Hey. I'm totally new when it comes to programming in Perl. But I have to make a project and I have no idea how to do it. Maybe someone can help me. The script have to load several sequences in the format FASTA placed in one file.
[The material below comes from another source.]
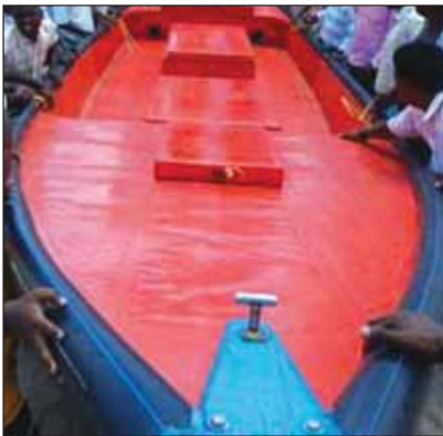
Figure 129 The deck layout of the finished boat.
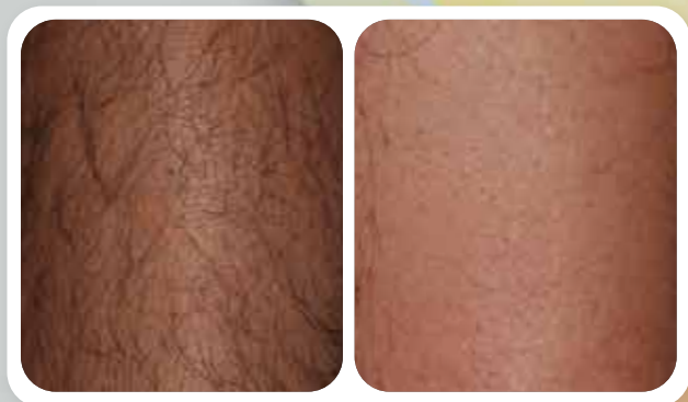
Forever BARE BBL® | 6 months post 3 treatments

Example input file attached (for example 'gens.txt'):
>A
AGTATCGGACCCGAAGACATTACGCTTAGAGACTTGAAAA
CCTACAGTAAAGAAGCAGCGTCTGGATATCTGGAAGACAA
CGGATTGAAGCTTGTAGAAAAAGAAGCATACTCAGATGAT
GTTCCAGAAGGACAGGTTGTCAAACAAAAACCAGCAGCAG
GTACGGCAGTAAAGCCGGGAAACGAAGTTGAAGTGACATT
CTCTCTCGGACCAGAGAAAAAACCTGCGAAAACAGTGAAA
GAAAAGGTCAAGATCCCCTACGAACCAGAAAATGAAGGGG
ACGAGCTTCAAGTGCAAATCGCGGTTGACGATGCGGATCA
>B
CCATATCGGAGACAGCAGATGCTATTTGCTTCAGGACGAT
GATTTCGTTCAAGTGACAGAAGACCATTCGCTTGTAAATG
AACTGGTTCGCACTGGAGAGATTTCCAGAGAAGACGCTGA
ACATCATCCGCGAAAAAATGTGTTGACGAAGGCGCTTGGA
ACAGACCAGTTAGTCAGTATTGACACCCGTTCCTTTGATA
TAGAACCCGGAGACAAACTGCTTCTATGTTCTGACGGACT
GACAAATAAAGTGGAAGGCACTGAGTTAAAAGACATCCTG
TGGACAAAGCCAATCAGAATGGCGGAGAAGGCGGAGAAGC
>C
ATAAAACAACGGTATTTGCCGGTCAGTCCGGTGTTGGGAA
ATCCTCGCTTCTCAACGCGATCAGTCCGGAGCTCGGATTA
AGAACAAACGAGATTTCCGAGCATTTGGGCCGCGGGAAAC
ACACAACCCGCCACGTGGAGCTGATTCACACGTCCGGAGG
TTTGGTTGCAGATACACCGGGATTCAGCTCGCTTGAATTT
ACAGACATTGAGGAAGAAGAGCTGGGCTATACCTTCCCTG
ATATCAGAGAAAAAAGCTCTTCATGCAAATTTAGAGGCTG
TTTACATCTGAAAGAGCCGAAATGTGCGGTGAAACAAGCT
Then the script should check how similar are the sequences and print percent identity, and then it should also generate a consensus sequence.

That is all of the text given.